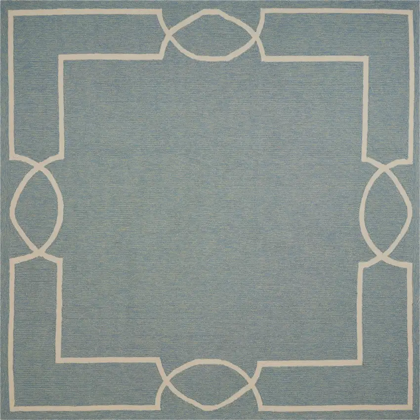 Spa Blue Hand Hooked UV Treated Bordered Indoor Outdoor Area Rug
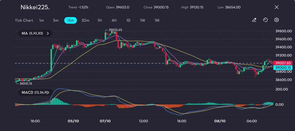 Picture: The Nikkei225 retraces to 39,000, facing resistance after reaching a high of 39,833 as traders eye U.S. data for market direction, seen on the VT Markets app.
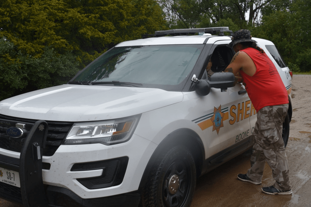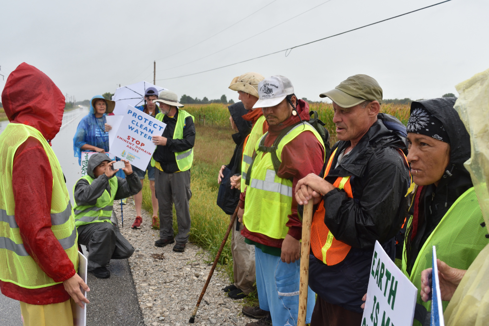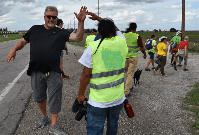 Once we arrived in Pilot Mound some of us noticed we were being followed by a car for a while. We learned the driver was Manape’s father, Frank, and he was just enjoying watching us march together. Frank has been a very active activist.

__Task__:
Set down again, exactly, the lines of the material above from its first line to the one with "Picture: The Nikkei225", inclusive. Leave the pictures out.

__Result of the exercise__:
 Spa Blue Hand Hooked UV Treated Bordered Indoor Outdoor Area Rug
 Picture: The Nikkei225 retraces to 39,000, facing resistance after reaching a high of 39,833 as traders eye U.S. data for market direction, seen on the VT Markets app.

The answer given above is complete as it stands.